Dave Jerden is an American record producer, engineer, and mixer who has worked with artists in various genres including alternative rock, punk rock and metal. However, Jerden has stated that he dislikes the term "producer", preferring to refer to himself primarily as an engineer.

Jerden developed his engineering and mixing skills at Eldorado Recording Studios in Hollywood, California, beginning in the late 1970s. He engineered and mixed acclaimed and successful records by artists such as Talking Heads, David Byrne, Frank Zappa, Mick Jagger, The Rolling Stones and many others.

His career as a producer emerged in the late 1980s, beginning with albums by Jane's Addiction and Alice in Chains. Music Radar stated that these albums went against the prevailing sonic qualities of the day—dominated as it was by "hair metal bands"—and that Jerden had an important hand in shaping such genre-defining sounds. "Dave was a great guy," recalled Jane's frontman Perry Farrell, "but I wasn't always sure how he would receive my moves. I remember waiting for him to look the other way so I could push the sliders on the desk up higher."

As a producer and mixer, Jerden also worked with artists such as Fishbone, Anthrax, The Offspring, Meat Puppets, Social Distortion and Red Hot Chili Peppers.

In 1986, Jerden met with The Replacements about producing the album that would eventually become Pleased to Meet Me.
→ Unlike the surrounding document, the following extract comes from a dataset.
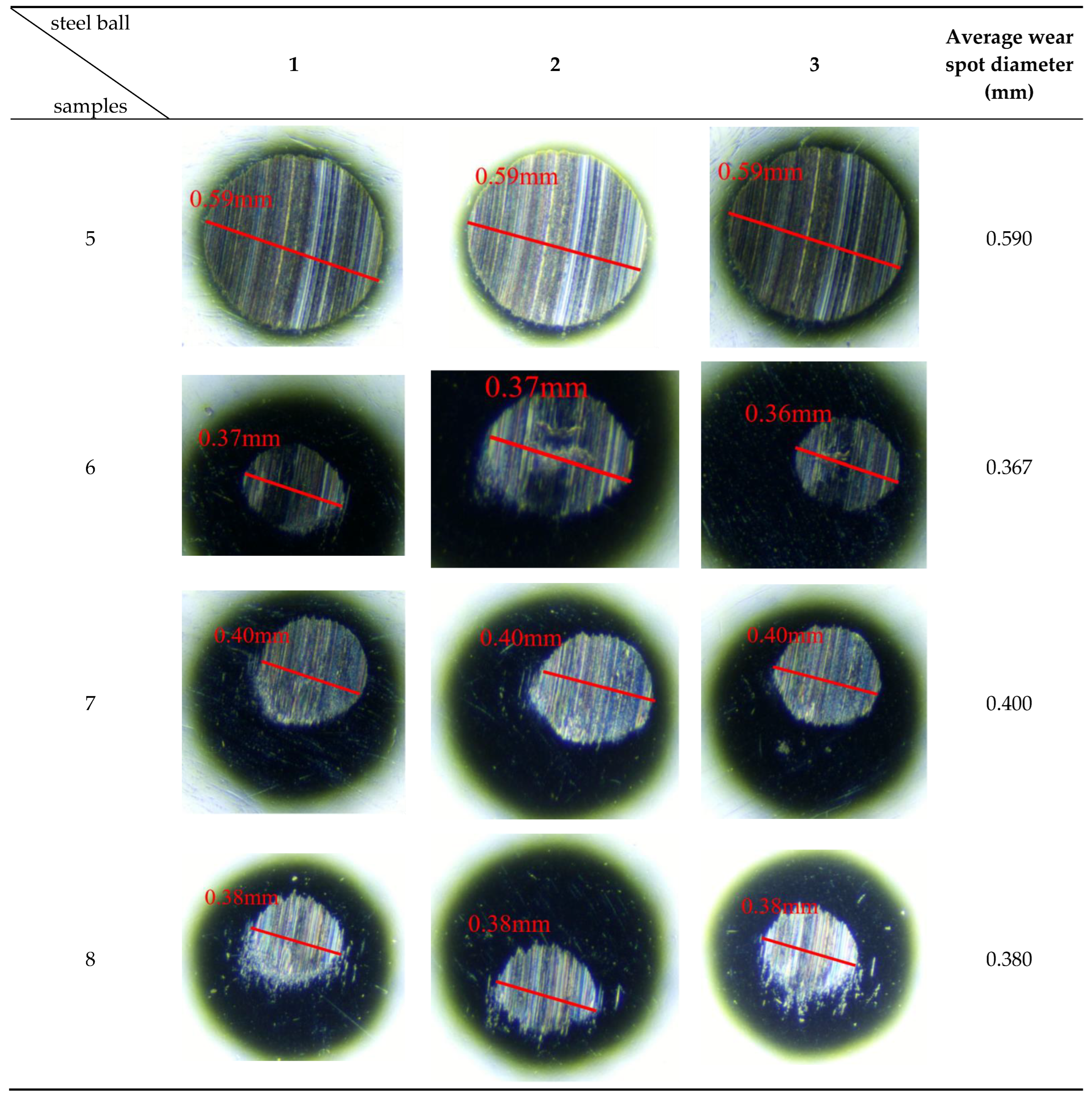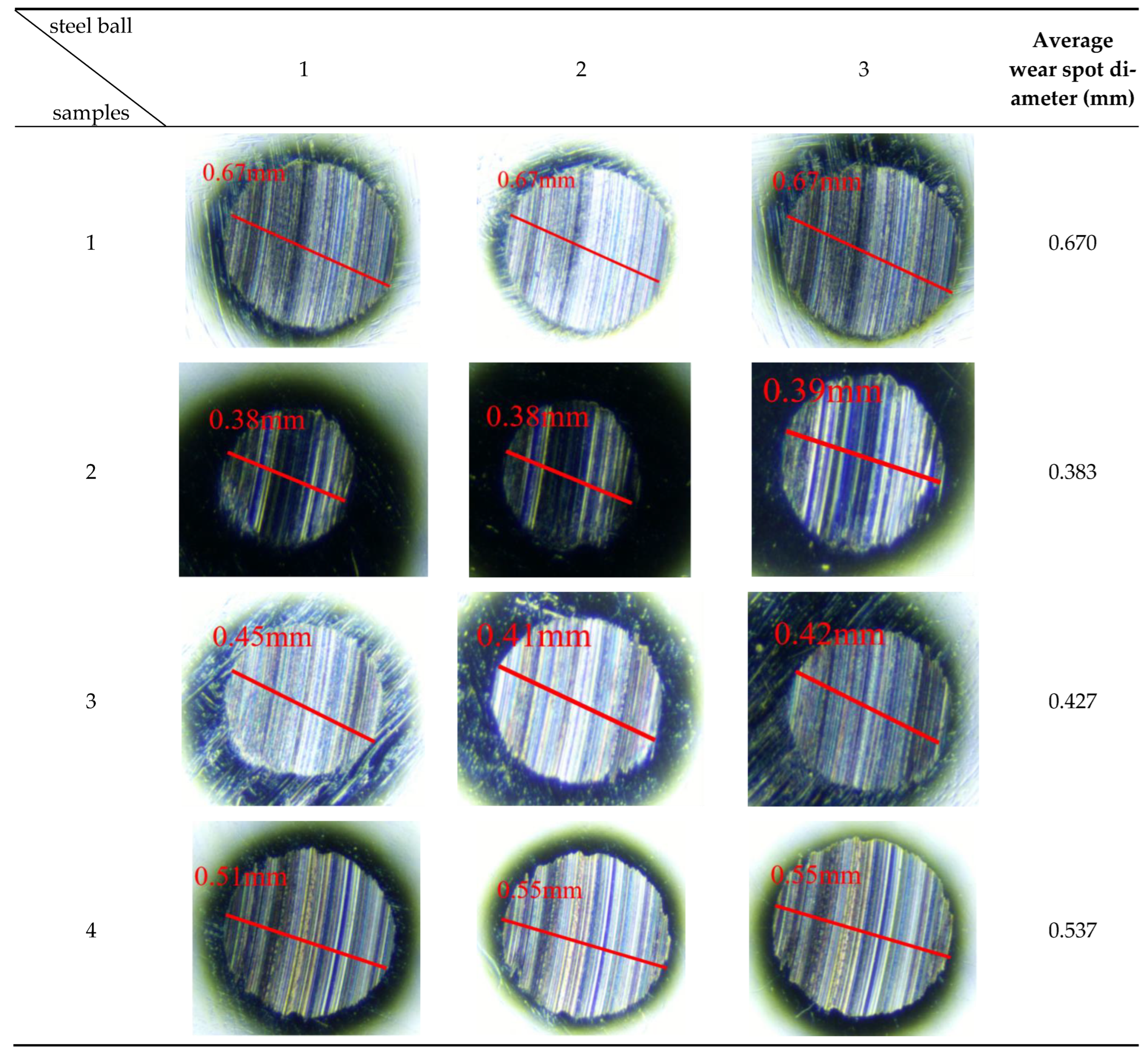 2.1.2. Analysis of Steel Ball Scratch Diameter for Different Samples

Jerden's sobriety, however, was a disqualifying factor for the notoriously hard-partying Paul Westerberg and Tommy Stinson, who were both drunk for the meeting and expected any prospective producer to at least attempt to keep up with them, despite the band's then-recent firing of Stinson's brother Bob for his mounting drug and alcohol abuse.

By the mid-1990s, Jerden felt overwhelmed by the trappings of his success and decided to "lie low": working on occasional projects, but primarily experimenting with recording equipment involved in the transition from digital to analogue domains.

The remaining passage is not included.